** PROVIDED DATA follows **

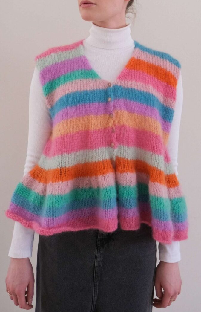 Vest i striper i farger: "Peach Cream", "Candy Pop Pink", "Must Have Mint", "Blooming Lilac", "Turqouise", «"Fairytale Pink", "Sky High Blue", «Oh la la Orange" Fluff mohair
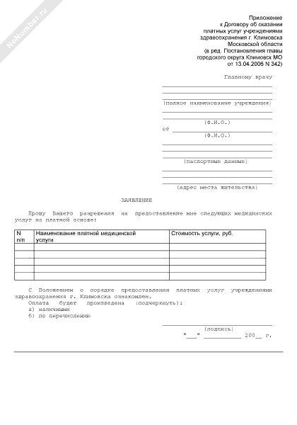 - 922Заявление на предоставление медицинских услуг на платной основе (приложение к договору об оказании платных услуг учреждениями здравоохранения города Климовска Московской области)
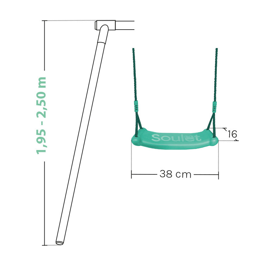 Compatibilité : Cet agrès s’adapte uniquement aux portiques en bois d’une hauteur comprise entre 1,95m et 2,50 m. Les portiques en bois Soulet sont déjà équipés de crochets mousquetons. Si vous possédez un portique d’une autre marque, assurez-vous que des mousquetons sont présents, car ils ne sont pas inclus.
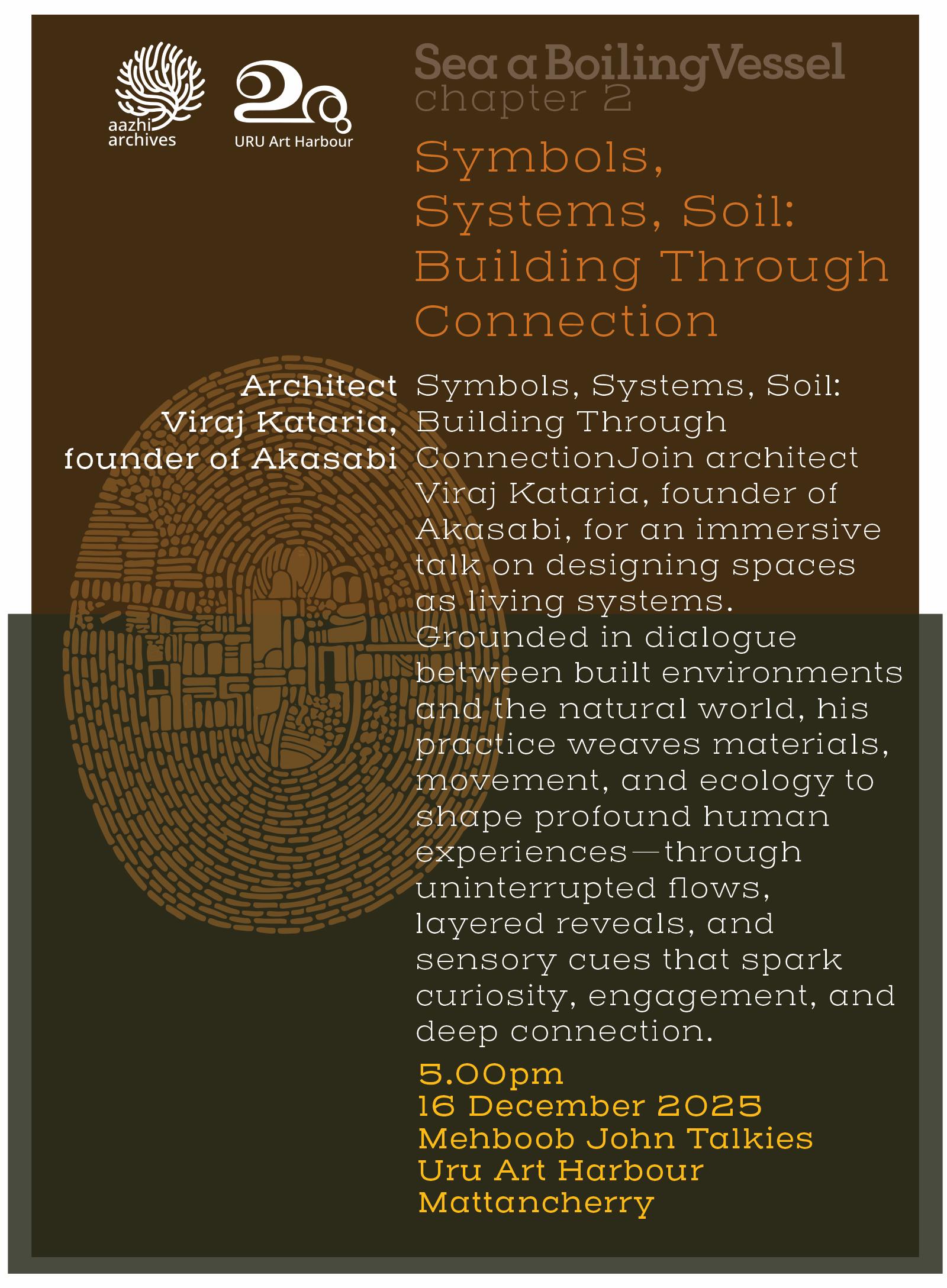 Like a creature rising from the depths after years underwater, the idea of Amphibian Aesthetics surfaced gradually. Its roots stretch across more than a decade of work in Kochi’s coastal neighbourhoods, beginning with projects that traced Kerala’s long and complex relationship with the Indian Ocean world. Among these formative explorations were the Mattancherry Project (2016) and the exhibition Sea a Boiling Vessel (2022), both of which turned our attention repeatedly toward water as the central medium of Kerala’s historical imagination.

** End of PROVIDED DATA **

REQUIREMENT: Going by the data above, give back only the lines from the one containing "- 922Заявление на" through the one containing "Compatibilité : Cet", exactly as they stand, both ends included and no images.

RESULT BELOW:
 - 922Заявление на предоставление медицинских услуг на платной основе (приложение к договору об оказании платных услуг учреждениями здравоохранения города Климовска Московской области)
 Compatibilité : Cet agrès s’adapte uniquement aux portiques en bois d’une hauteur comprise entre 1,95m et 2,50 m. Les portiques en bois Soulet sont déjà équipés de crochets mousquetons. Si vous possédez un portique d’une autre marque, assurez-vous que des mousquetons sont présents, car ils ne sont pas inclus.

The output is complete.